攝影或3C

Python 實戰：Word 圖片提取與佔位符替換術

本教學將展示如何使用 `python-docx` 與 `lxml`，
深入 Word 文件的底層 XML 結構，
將文件中的圖片「完美手術」取出，並在原位置留下標記。

**教學流程：**

1. **環境準備**：自動生成一個包含圖片的 Word 測試檔 (使用 `PIL` 繪圖)。

2. **核心原理**：解析 Word XML 結構，尋找圖片容器。

3. **執行手術**：提取圖片 Blob、寫入硬碟、插入替代文字、移除原圖片容器。

4. **驗證結果**：檢查新生成的檔案。

### 0. 安裝必要套件

若您的環境尚未安裝，請取消註解並執行下方指令：

# !pip install python-docx pillow lxml
# 注意：正確的安裝名稱是 "python-docx" (PyPI 標準名稱)，而不是 "docx"。
# "docx" 是一個已停止維護的舊套件，請勿安裝錯誤。
# 雖然在程式碼中 import 時是使用 "import docx"，但安裝時需指定 "python-docx"。

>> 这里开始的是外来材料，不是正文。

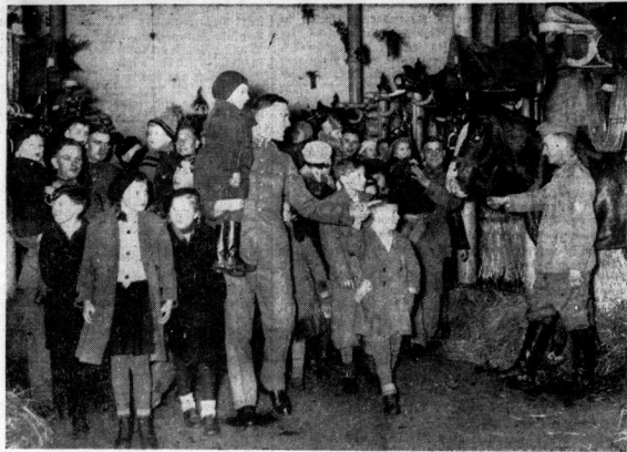
Eine große Weihnachtsfeier bereiten in Berlin die Mannschaften des Militärlichen Unterpersonals des Oberbefehlshabers des Heeres bedürftigen Kindern. Unser Bild zeigt die Kinder beim Rundgang durch die Stille. Die Kleinen dürfen nach der Feier sogar kleine Ritte wagen.
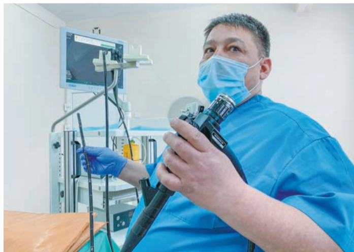
В городской больнице Нефтекамска используют самое современное оборудование.

Филиал колледжа расположится в административном крыле лечебного корпуса №1 городской больницы Нефтекамска. Теоретическую подготовку будет вести преподавательский состав медицинского колледжа, а вот практические занятия — действующие врачи. Кстати, нефтекамские эскулапы также преподают в медицинских классах школ города, чтобы ребята заинтересовались профессией как можно раньше.

為了確保大家都能執行，我們先用 Python「畫」一張圖，並存成 Word 檔。

這裡我們會用到 `PIL` (Pillow) 來繪製簡單的圖形，並用 `python-docx` 建立文件。

import io
from pathlib import Path
from PIL import Image, ImageDraw
from docx import Document
from docx.shared import Inches

# 設定工作目錄
WORK_DIR = Path("D:/Temp/DocxDemo")
WORK_DIR.mkdir(parents=True, exist_ok=True)

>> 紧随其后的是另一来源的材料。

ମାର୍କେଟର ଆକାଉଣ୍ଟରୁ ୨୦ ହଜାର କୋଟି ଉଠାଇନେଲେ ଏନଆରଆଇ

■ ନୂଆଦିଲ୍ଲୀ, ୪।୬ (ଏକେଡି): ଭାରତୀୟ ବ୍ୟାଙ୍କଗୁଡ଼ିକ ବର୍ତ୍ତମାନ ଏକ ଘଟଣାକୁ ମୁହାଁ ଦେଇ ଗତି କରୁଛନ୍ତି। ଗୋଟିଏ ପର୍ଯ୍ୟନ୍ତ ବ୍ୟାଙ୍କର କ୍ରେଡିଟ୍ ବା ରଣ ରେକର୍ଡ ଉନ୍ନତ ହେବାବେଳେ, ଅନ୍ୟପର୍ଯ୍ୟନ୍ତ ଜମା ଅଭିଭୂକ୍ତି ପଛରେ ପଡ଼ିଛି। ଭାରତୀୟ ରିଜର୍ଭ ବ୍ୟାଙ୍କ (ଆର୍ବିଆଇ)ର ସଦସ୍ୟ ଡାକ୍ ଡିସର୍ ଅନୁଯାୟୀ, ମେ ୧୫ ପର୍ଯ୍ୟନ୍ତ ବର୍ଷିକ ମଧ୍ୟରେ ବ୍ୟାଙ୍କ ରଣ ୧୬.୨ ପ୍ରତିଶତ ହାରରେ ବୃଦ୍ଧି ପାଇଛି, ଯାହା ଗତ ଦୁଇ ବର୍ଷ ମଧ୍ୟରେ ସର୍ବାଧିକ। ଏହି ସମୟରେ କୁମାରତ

test_docx_path = WORK_DIR / "demo_origin.docx"

def create_sample_docx(path):
    doc = Document()
    doc.add_heading('Word 圖片提取測試', 0)
    
    doc.add_paragraph('這是第一段文字，下面會有一張紅色的圓形圖。')
    
    # 1. 動態畫一張紅色的圓
    img_byte_arr = io.BytesIO()
    img = Image.new('RGB', (200, 200), color='white')
    d = ImageDraw.Draw(img)
    d.ellipse((50, 50, 150, 150), fill='red', outline='black')
    img.save(img_byte_arr, format='PNG')
    
    # 2. 插入圖片到 Word
    doc.add_picture(img_byte_arr, width=Inches(2.0))
    
    doc.add_paragraph('這是圖片下方的文字。接下來是第二張藍色矩形圖。')
    
    # 3. 動態畫一張藍色的矩形
    img_byte_arr2 = io.BytesIO()
    img2 = Image.new('RGB', (300, 100), color='lightblue')
    d2 = ImageDraw.Draw(img2)
    d2.rectangle((10, 10, 290, 90), fill='blue', outline='black')
    img2.save(img_byte_arr2, format='PNG')
    
    doc.add_picture(img_byte_arr2, width=Inches(3.0))
    
    doc.save(path)
    print(f"測試檔案已建立：{path}")

create_sample_docx(test_docx_path)

測試檔案已建立：D:\Temp\DocxDemo\demo_origin.docx

### 2. 核心邏輯：XML 解析與替換

這是本教學的精華。Word 的 `.docx` 本質上是 ZIP 壓縮的 XML 檔。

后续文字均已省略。